OK, so it wasn’t the highlight of a nine-year NHL career preceded by three standout seasons at Michigan State. Miller was drafted by Anaheim in the sixth round (186th overall), and broke into the NHL during the Stanley Cup Finals. He played just three games in the finals – on the top line with Teemu Selanne – and helped the Ducks win the Cup.

After a few years spent between Anaheim and its minor league club, Miller was traded to Tampa Bay, where he was used sparingly in 14 games before then-General Manager Brian Lawton put him on waivers.

Enter Wings GM Ken Holland, who scours the NHL’s waiver wire every day. You never know what you might find. And on Nov. 19, 2009, Holland found a keeper.

“We had a lot of injuries at the time, and we were just looking for guys who could play,” Holland said. “Look, he’s a Miller from East Lansing. He’s got that great pedigree.
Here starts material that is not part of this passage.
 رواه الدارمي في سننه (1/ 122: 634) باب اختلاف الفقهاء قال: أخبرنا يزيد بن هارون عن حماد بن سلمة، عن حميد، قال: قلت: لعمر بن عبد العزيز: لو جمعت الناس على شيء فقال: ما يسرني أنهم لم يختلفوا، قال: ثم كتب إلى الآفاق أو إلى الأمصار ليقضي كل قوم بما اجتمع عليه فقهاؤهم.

“And he had a real good career at Michigan State. He was his team’s MVP, and he was the CCHA’s Best Defensive Forward one year.”

Miller has been a mainstay in the Detroit lineup ever since. He’s a premier penalty killer and shot-blocker. He and center Luke Glendening have formed a season-long tandem on an energy line with Joakim Andersson or, more recently, rookie Landon Ferraro. That unit arguably has been Detroit’s most consistently good line in these playoffs.
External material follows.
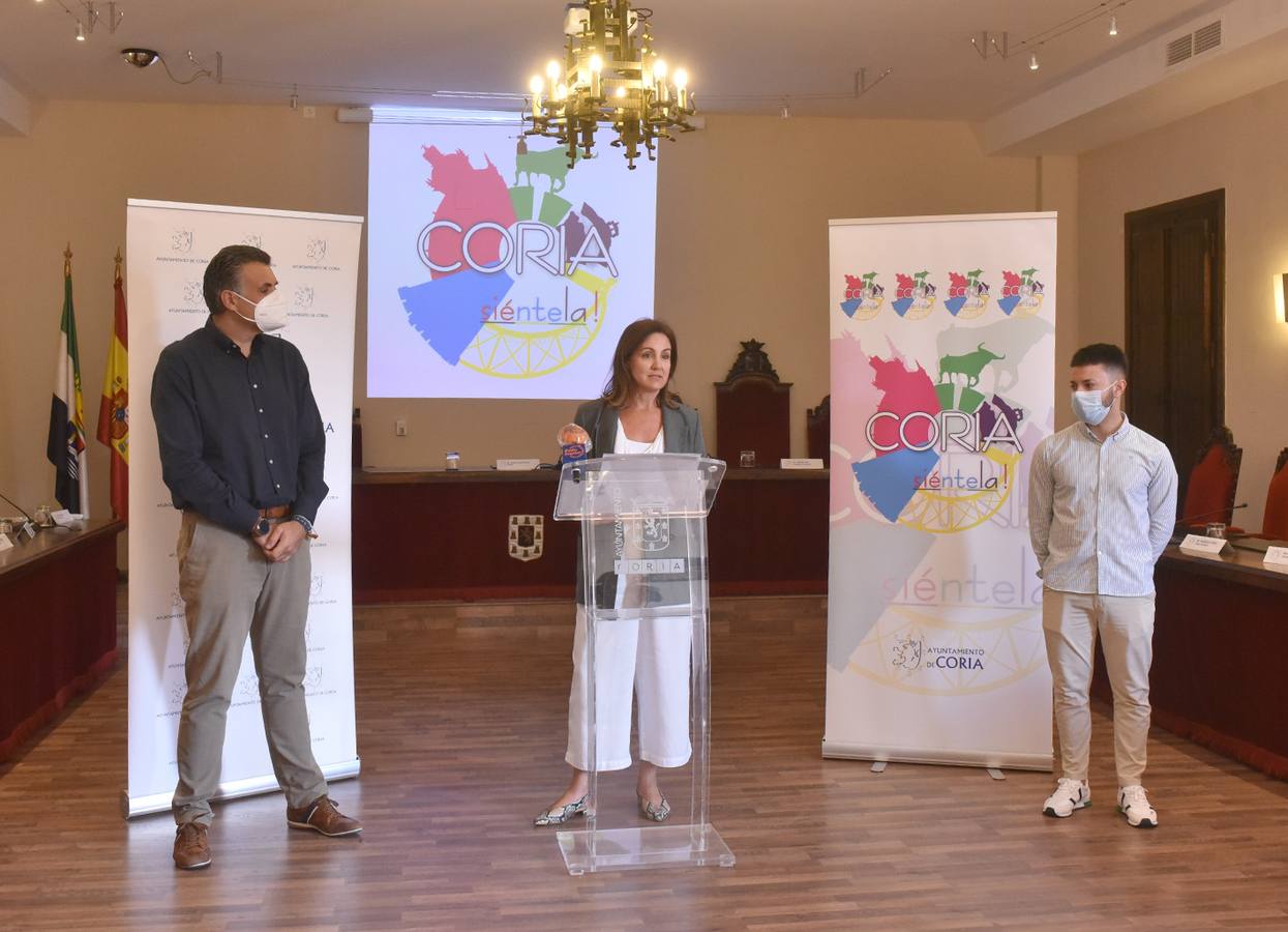 La edil de turismo del Ayuntamiento de Coria, Almudena Domingo Pirrongelli, manifestó que «hemos comenzado por darle un nuevo aire a la imagen del 'Coria Siéntela', que no solo se utilizará para comercio, sino para turismo y cualquier promoción de la propia ciudad». Una imagen, dijo, que identifica Coria con su Castillo (patrimonio), Puente Medieval (deporte y naturaleza), Catedral (cultura), Mantel de la Sagrada Cena (turismo religioso y gastronomía) y el toro de las Fiestas de San Juan. Se trata de una imagen estática y plana, dijo la edil de turismo, que hemos transformado en circular, como una rueda, como un engranaje, que simboliza el volver a andar. Es una imagen 360º, no hay turismo sin comercio, no hay comercio sin hostelería, no hay desarrollo sin empresas.

In 82 games this season – including several in which he played with a full mask to protect a laceration near his eye that needed nearly 60 stitches to close after he was cut with a skate – Miller had five goals among 14 points. He had one goal and one assist through six games in this series with Tampa.

Now he’s finishing the second year of a three-year contract extension worth more than $4 million – a bargain any way you measure his value to the Wings.

And though he may not want to talk his dreadful time with the Lightning six seasons ago, we’d be remiss not to talk about how valuable Drew (nobody calls him Andrew) Miller has been to the Detroit Red Wings.